◆ **EXERCISE**
Copy, word for word, the lines below from the one containing "A woman with" up to and including the one containing "mierEdu Vandmalebøger - 3", with pictures left out.

◆ **WORKING DATA**
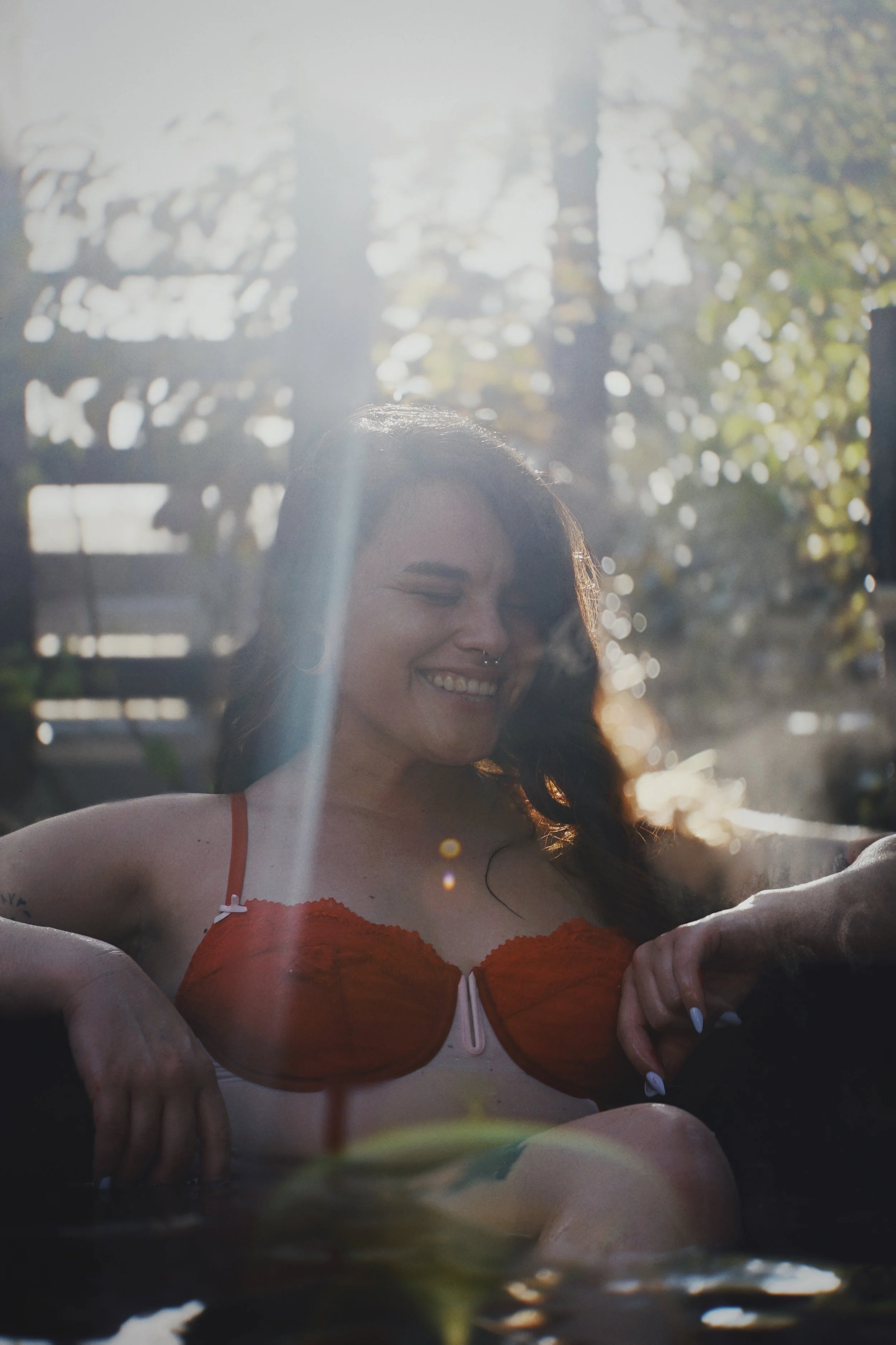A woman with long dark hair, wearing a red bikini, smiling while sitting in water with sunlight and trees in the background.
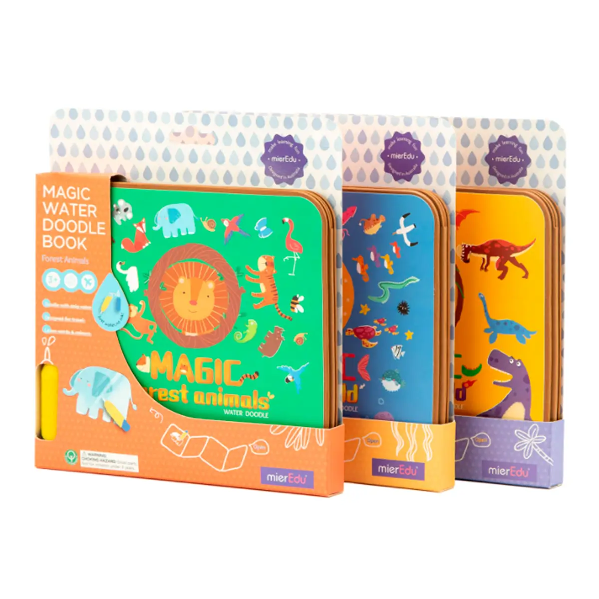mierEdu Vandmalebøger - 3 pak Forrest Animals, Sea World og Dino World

--

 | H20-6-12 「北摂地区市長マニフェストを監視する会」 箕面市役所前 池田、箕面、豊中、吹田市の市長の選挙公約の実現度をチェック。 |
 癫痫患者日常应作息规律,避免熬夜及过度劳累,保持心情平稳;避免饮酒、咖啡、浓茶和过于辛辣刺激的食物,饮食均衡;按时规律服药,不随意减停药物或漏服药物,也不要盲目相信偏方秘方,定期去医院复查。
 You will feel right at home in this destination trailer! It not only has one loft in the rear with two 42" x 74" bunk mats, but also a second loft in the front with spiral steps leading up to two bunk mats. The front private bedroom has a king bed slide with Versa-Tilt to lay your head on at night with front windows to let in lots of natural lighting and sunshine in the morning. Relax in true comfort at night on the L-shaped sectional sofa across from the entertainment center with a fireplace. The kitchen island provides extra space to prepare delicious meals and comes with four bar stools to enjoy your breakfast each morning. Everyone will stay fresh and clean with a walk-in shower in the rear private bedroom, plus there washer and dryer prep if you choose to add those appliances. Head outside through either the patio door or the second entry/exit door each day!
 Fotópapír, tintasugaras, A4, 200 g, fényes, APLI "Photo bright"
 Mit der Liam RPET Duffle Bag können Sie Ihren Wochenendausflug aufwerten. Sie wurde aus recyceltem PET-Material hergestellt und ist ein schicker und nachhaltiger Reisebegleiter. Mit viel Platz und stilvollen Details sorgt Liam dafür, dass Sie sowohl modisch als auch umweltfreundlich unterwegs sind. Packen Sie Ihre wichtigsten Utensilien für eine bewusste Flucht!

◆ **TASK SOLUTION**
A woman with long dark hair, wearing a red bikini, smiling while sitting in water with sunlight and trees in the background.
mierEdu Vandmalebøger - 3 pak Forrest Animals, Sea World og Dino World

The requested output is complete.